▸ Work instruction: Leave the pictures out, and transcribe the material below exactly from the line with "This elegant ESCADA" to the line with "ORLAN x Brochier", both lines included.

▸ Information supplied:
● ● ●

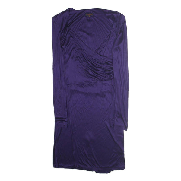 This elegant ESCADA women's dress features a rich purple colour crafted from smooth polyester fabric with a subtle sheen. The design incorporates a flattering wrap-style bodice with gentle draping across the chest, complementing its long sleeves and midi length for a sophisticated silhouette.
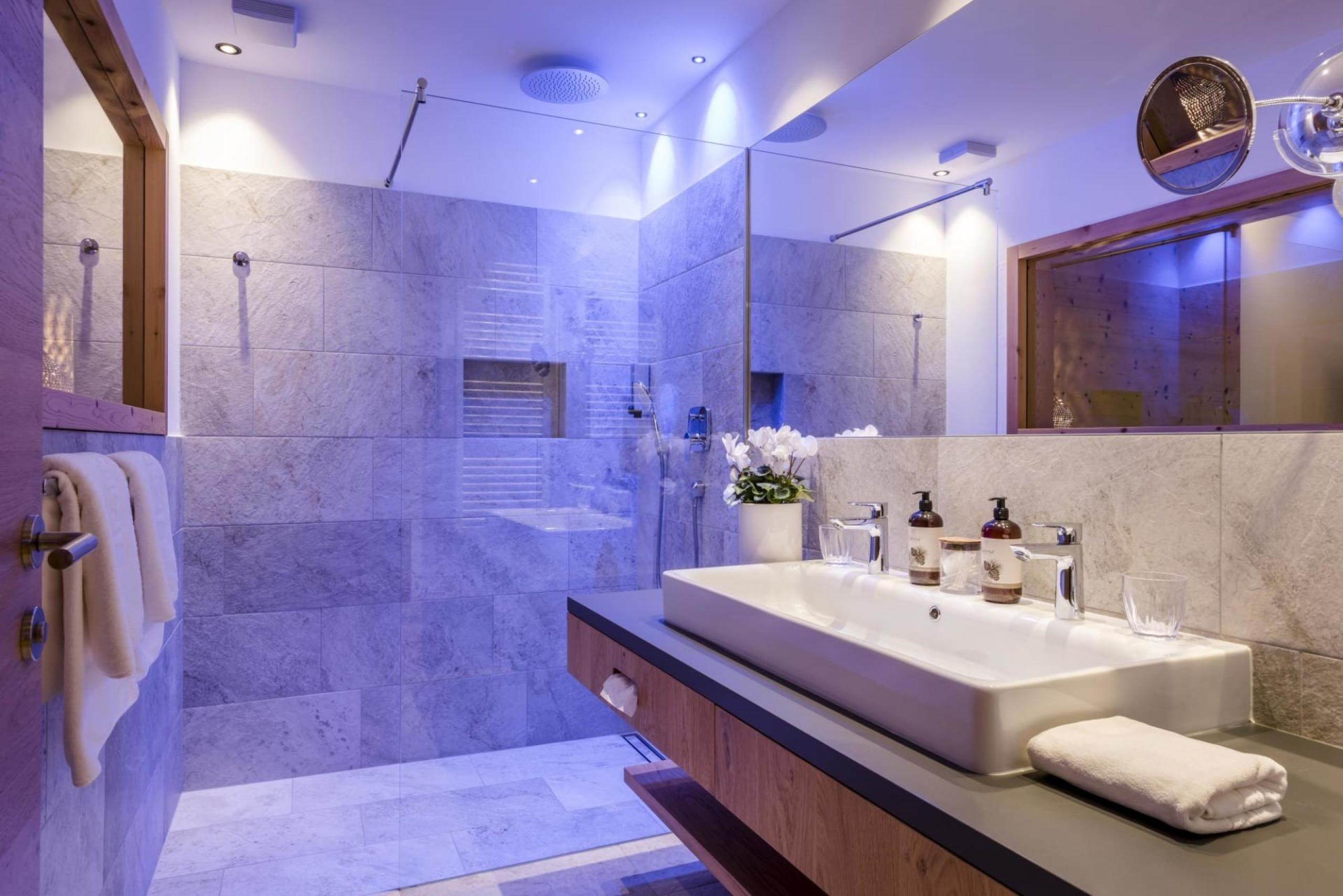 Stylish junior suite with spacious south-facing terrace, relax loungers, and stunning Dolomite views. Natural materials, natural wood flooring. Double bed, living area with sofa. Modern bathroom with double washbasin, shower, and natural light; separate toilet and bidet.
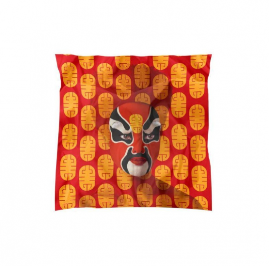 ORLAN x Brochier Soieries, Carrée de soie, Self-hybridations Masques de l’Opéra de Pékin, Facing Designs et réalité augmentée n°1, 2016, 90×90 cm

● ● ●

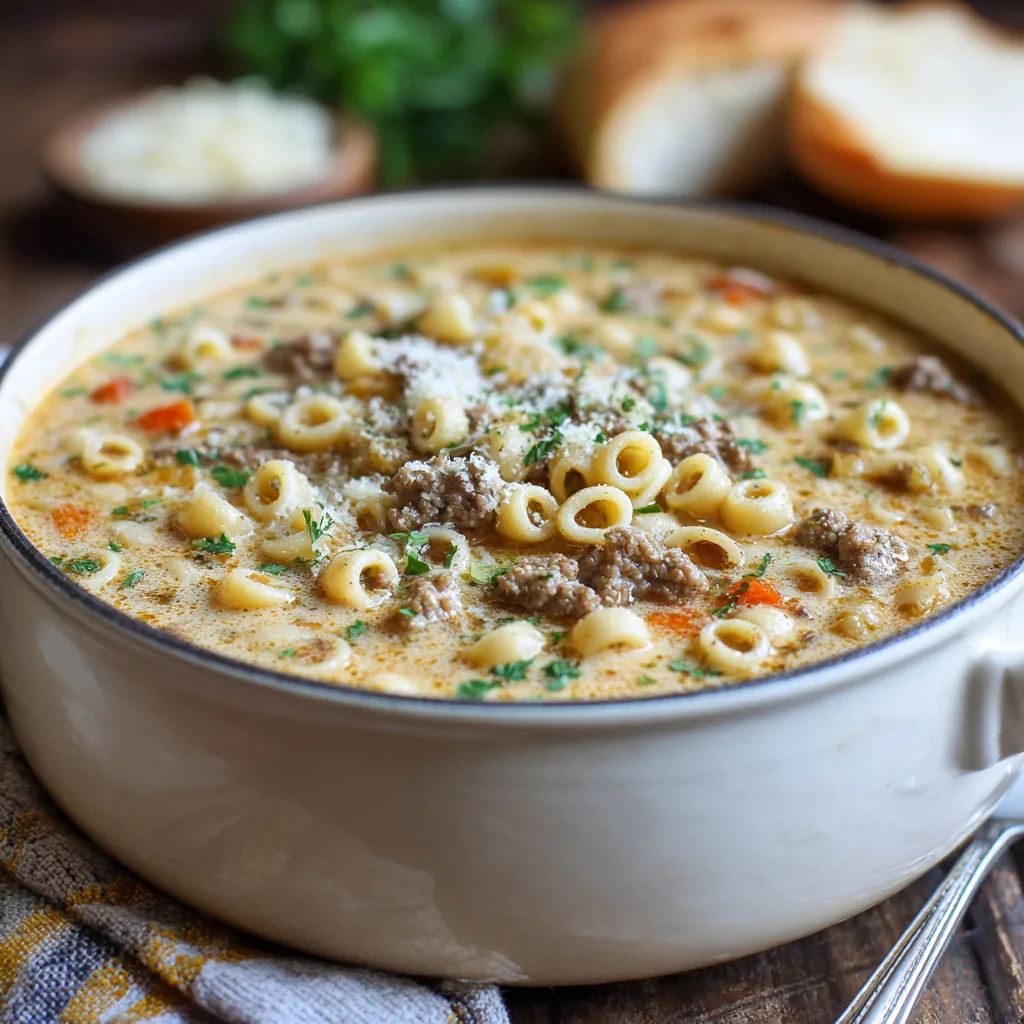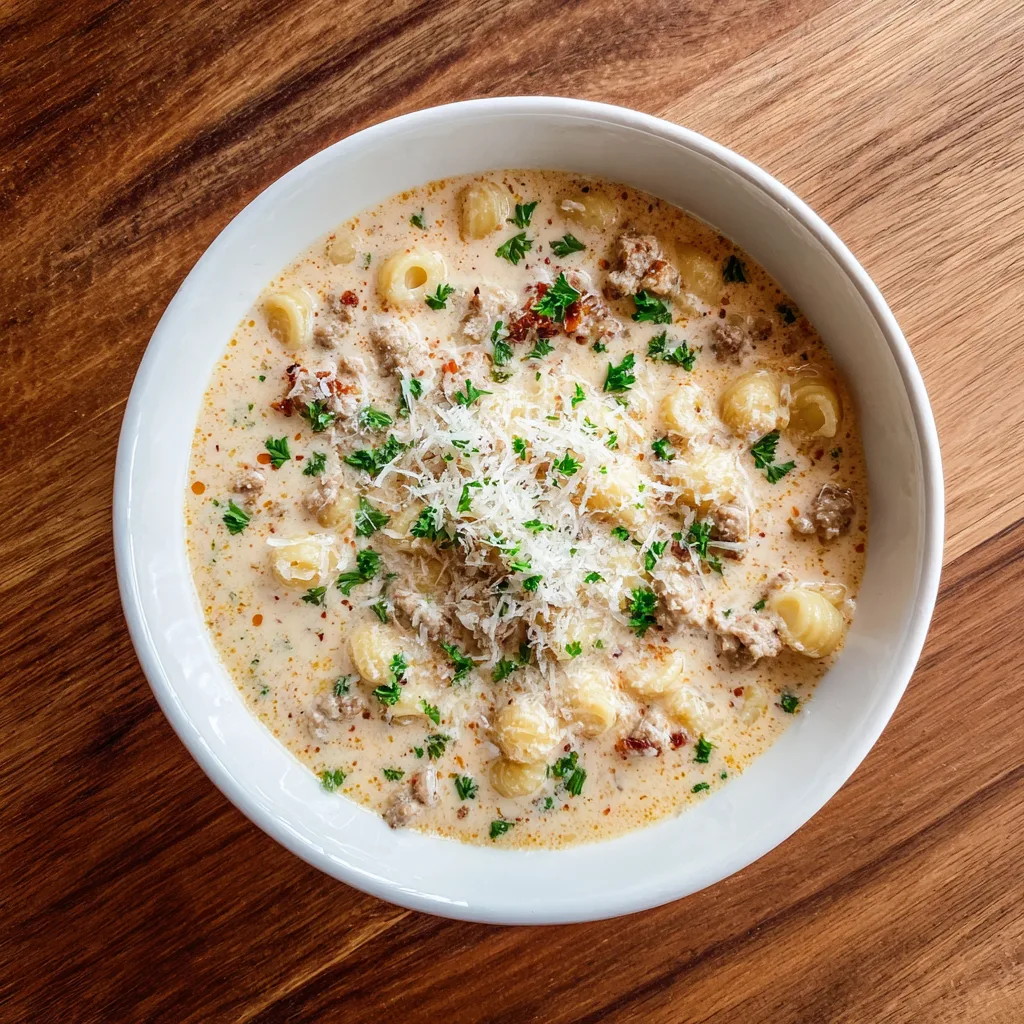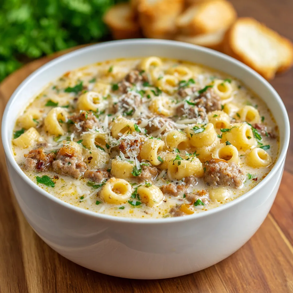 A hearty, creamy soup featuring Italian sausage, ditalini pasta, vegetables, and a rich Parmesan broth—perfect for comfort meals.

● ● ●

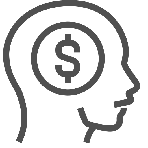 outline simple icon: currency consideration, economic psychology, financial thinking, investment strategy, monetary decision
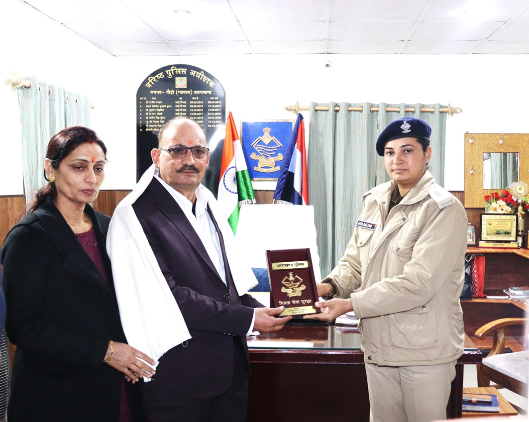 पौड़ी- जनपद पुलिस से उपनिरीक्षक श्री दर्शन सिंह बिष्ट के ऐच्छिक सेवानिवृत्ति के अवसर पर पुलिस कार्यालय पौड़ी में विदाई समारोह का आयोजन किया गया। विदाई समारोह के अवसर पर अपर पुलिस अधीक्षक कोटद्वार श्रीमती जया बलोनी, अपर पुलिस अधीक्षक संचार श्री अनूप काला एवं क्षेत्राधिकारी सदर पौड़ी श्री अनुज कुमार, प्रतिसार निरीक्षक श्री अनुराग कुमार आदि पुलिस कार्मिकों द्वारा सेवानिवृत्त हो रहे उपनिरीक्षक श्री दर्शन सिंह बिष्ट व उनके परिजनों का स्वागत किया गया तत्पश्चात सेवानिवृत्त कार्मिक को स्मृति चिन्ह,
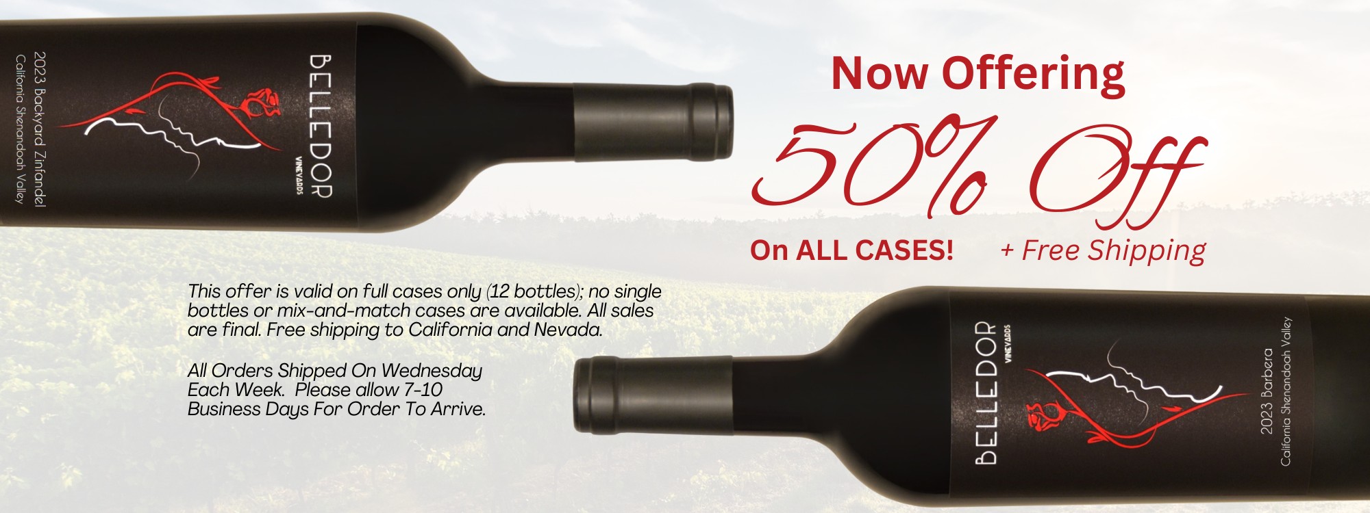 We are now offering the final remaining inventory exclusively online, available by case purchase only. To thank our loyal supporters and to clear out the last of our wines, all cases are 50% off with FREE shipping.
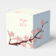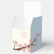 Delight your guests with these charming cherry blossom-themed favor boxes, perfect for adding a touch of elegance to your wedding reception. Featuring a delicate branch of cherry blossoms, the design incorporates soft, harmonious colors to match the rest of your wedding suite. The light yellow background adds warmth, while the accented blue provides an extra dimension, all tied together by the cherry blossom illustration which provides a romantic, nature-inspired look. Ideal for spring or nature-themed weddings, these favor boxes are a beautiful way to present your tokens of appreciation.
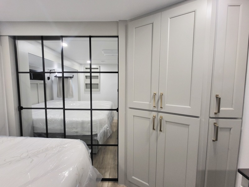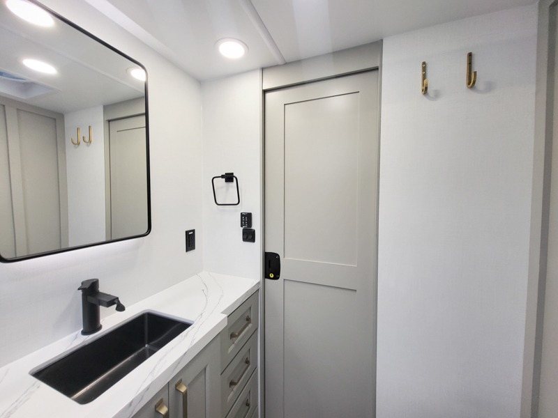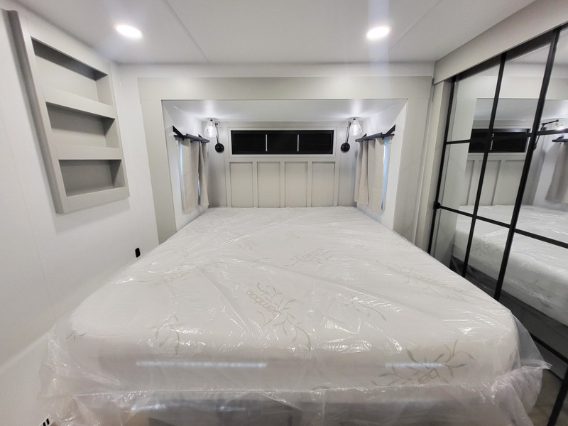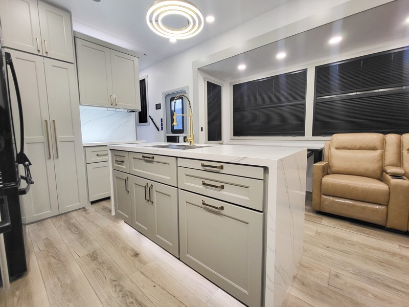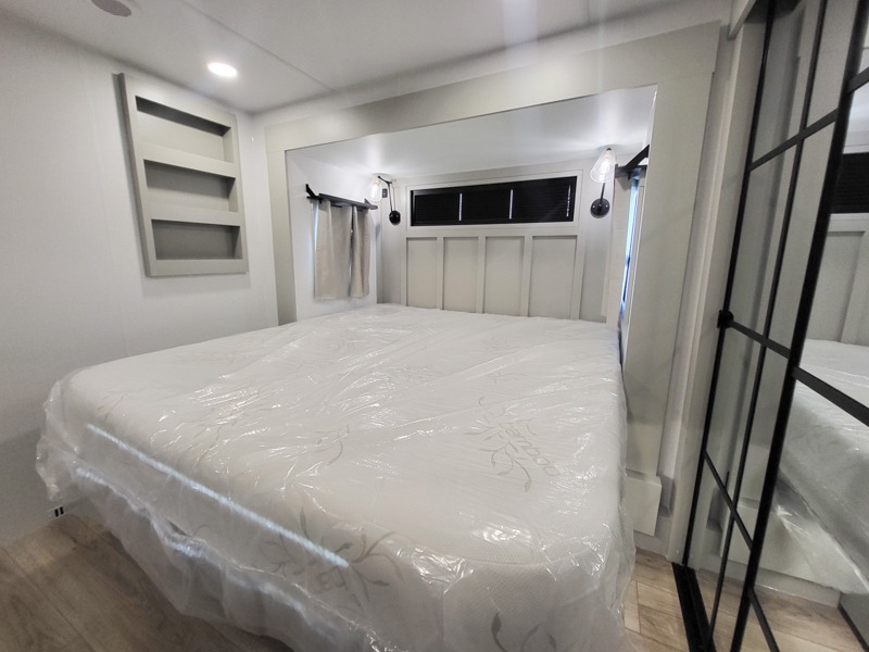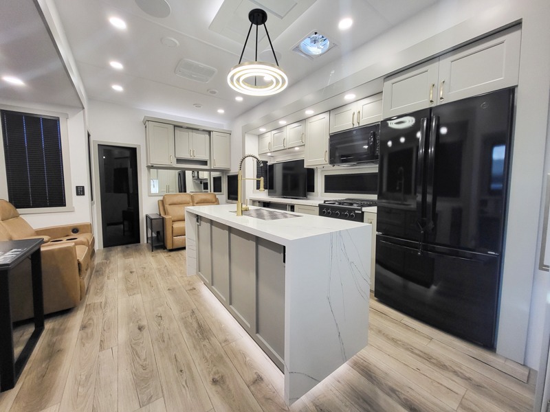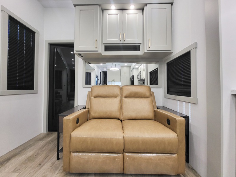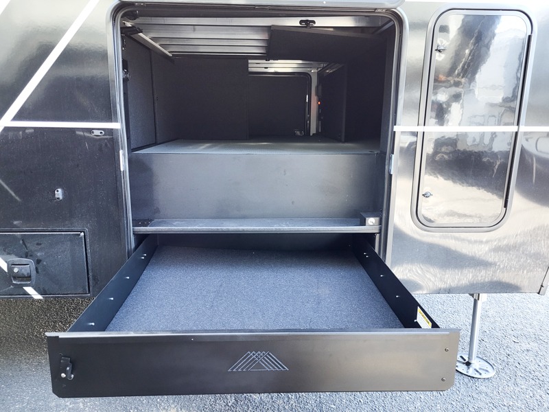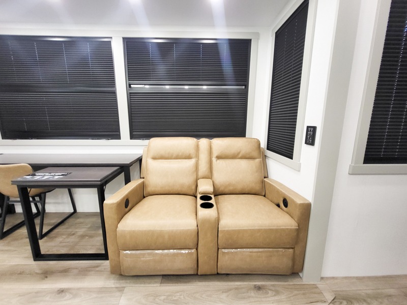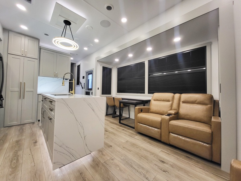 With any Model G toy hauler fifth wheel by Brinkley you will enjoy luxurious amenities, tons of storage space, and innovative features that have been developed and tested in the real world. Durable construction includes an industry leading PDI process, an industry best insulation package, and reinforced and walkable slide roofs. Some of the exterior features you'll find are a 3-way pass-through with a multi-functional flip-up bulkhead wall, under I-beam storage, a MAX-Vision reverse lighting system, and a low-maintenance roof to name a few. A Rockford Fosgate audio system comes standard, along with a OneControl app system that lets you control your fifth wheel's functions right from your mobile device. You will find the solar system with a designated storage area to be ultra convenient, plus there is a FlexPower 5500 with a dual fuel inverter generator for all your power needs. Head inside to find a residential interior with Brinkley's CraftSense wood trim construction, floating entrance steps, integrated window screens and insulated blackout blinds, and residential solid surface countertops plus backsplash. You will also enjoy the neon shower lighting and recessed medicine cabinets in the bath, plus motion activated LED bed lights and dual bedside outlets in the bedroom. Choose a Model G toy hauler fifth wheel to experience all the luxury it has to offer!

● ● ●

▸ The answer:
 This elegant ESCADA women's dress features a rich purple colour crafted from smooth polyester fabric with a subtle sheen. The design incorporates a flattering wrap-style bodice with gentle draping across the chest, complementing its long sleeves and midi length for a sophisticated silhouette.
 Stylish junior suite with spacious south-facing terrace, relax loungers, and stunning Dolomite views. Natural materials, natural wood flooring. Double bed, living area with sofa. Modern bathroom with double washbasin, shower, and natural light; separate toilet and bidet.
 ORLAN x Brochier Soieries, Carrée de soie, Self-hybridations Masques de l’Opéra de Pékin, Facing Designs et réalité augmentée n°1, 2016, 90×90 cm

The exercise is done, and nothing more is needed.